I think this was in some chart or other the other week, or something…
David Raposa: A boy band Hannah Montana. Where’s the green slime when you really need it?
Martin Skidmore: This is the fifth single by this boy band who star in a TV show of the same name. It’s not quite working – their third made #93, the others haven’t troubled the top 100. This is unsurprising.
Iain Mew: In order to understand why an American Busted should now be emerging, I looked up this band and found that a ‘television comedy music-themed teen sitcom’ is responsible. Given that comedy aspect, it seems odd that no sense of humour manifests itself in this awfully earnest and unimaginative song. Any kind of hint of personality would have been nice, in fact.
Anthony Easton: The Monkees were quite sophisticated, and worked both straight and as a joke — often at the same time. Here, the joke isn’t very clever, and they lack the harmonics of the best boy bands. I am still unconvinced of Nickelodeon’s genius.
Chuck Eddy: As recent boy bands go, these guys sound fairly bubbly and unjaded, at least for this song. Good for them, or should I be thanking Justin Bieber? (Also, does Chinese food make them sick? And do they like girls that wear Abercrombie and Fitch?)
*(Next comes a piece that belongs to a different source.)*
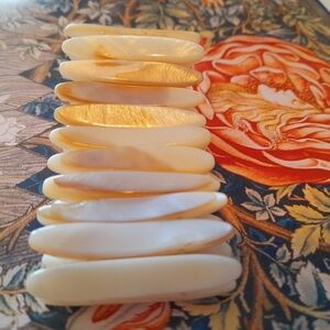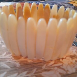 White shell bracelet with shimmering sparkle . it can be worn inside or outside as the have two different colors. Inside there are gold tones.

Michaelangelo Matos: These guys sing the way your dad used to make fun of rap: EMphaSIS right ON the BEAT, GET the CROWD right ON its FEET. That the splutter-stomp is so ham-handedly Euro is only right. Maybe that should be DJ Ham-handed, since this is a couple glowsticks and a few BPM away from happy hardcore.
Jonathan Bogart: Unlike the Jonas Brothers, they can actually sing (and harmonize!), but that means they’re even more anonymous, a collection of stadium-rock-by-way-of-teenpop gestures that don’t add up to anything necessary or, despite all the emoting going on, urgent. You wanna be adored? Get in line, kids.